# Michigan is sending some good stuff your way...



## Trekchick (Dec 9, 2008)




----------



## Greg (Dec 9, 2008)

We wish. Gonna be mostly rain...


----------



## severine (Dec 9, 2008)

I'm starting to think that Michigan gets more snow than we do.


----------



## Trekchick (Dec 9, 2008)

Severine, we do get a bit more snow than you do, especially where I live.

It looks like the snow band is heading north and will be yucky rain by the time it gets to you.  THAT SUX!


----------



## severine (Dec 9, 2008)

I honestly never thought much about it. When one of Brian's coworkers moved to Michigan several years ago (who he used to ski with once or twice a year), I recall saying something about how he won't get to ski as much anymore.  Boy was I wrong!!! (And naive... )


----------



## andyzee (Dec 9, 2008)

And here I thought Trekchick was gonna visit


----------



## Trekchick (Dec 9, 2008)

Andyzee, you'd be shocked if I made a trip out there to ski with ya'll wouldn't you?
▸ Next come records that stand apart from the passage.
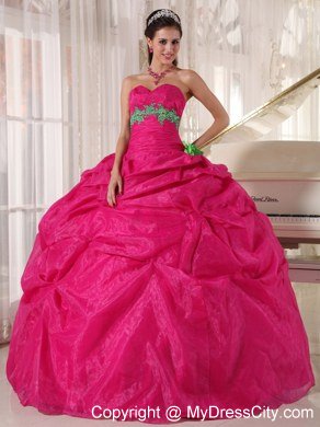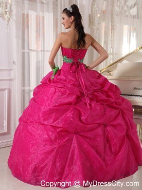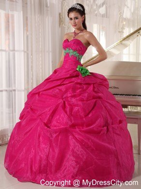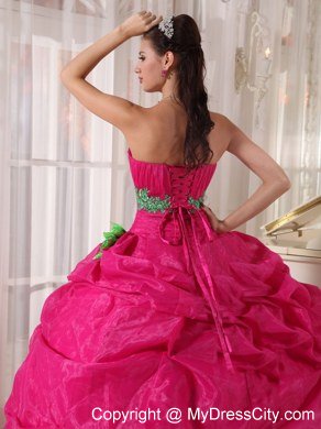This floor length ball gown quinceanera dress features a strapless bodice with a sweetheart neckline and delicate pleats throughout. The floral appliques under the bust area and the flower on the waist adds charming and beauty to the dress. The ruffles in the ball gown make the dress wonderfull. With a lace up back, the dress reaches its fullest beauty.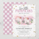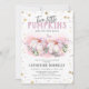 Cartes d'invitation à la baby shower pour filles jumelles avec un fond blanc simple, des citrouilles à l'aquarelle rose, des papillons, des fleurs, de l'eucalyptus, des étoiles dorées et roses, et un modèle moderne de shower pour jumeaux facile à personnaliser.
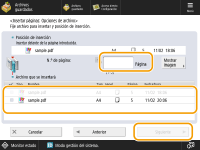 Muestra si hay archivos seleccionados, iconos que indican el tipo de archivo, nombres, tamaños de lectura, número de páginas y fechas/horas de almacenamiento.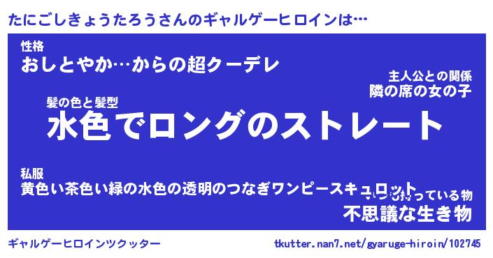 | 女子向けラノベタイトル風あだ名 | 『(仮)たにごしきょうたろうのやんごとなき事情』 |

Severine, your avatar pic is nice.  Looks like you're bringing your A game to the slopes these days.


----------



## billski (Dec 9, 2008)

I am going to bury myself in the basement and watch Meathead films on Wednesday.  Then Wednesday night it's the club meeting, where I'm going to screen more Miller and Meathead.  All this green stuff is making me ill....


----------



## Trekchick (Dec 9, 2008)

So, bill, you're saying you don't want to see pics of what my front yard looks like?


----------



## JD (Dec 9, 2008)

amazing how the warm lake water affects the snow...


----------



## Johnskiismore (Dec 9, 2008)

At least we'll deal with it for one day and then back to cold temps and blowin' snow


----------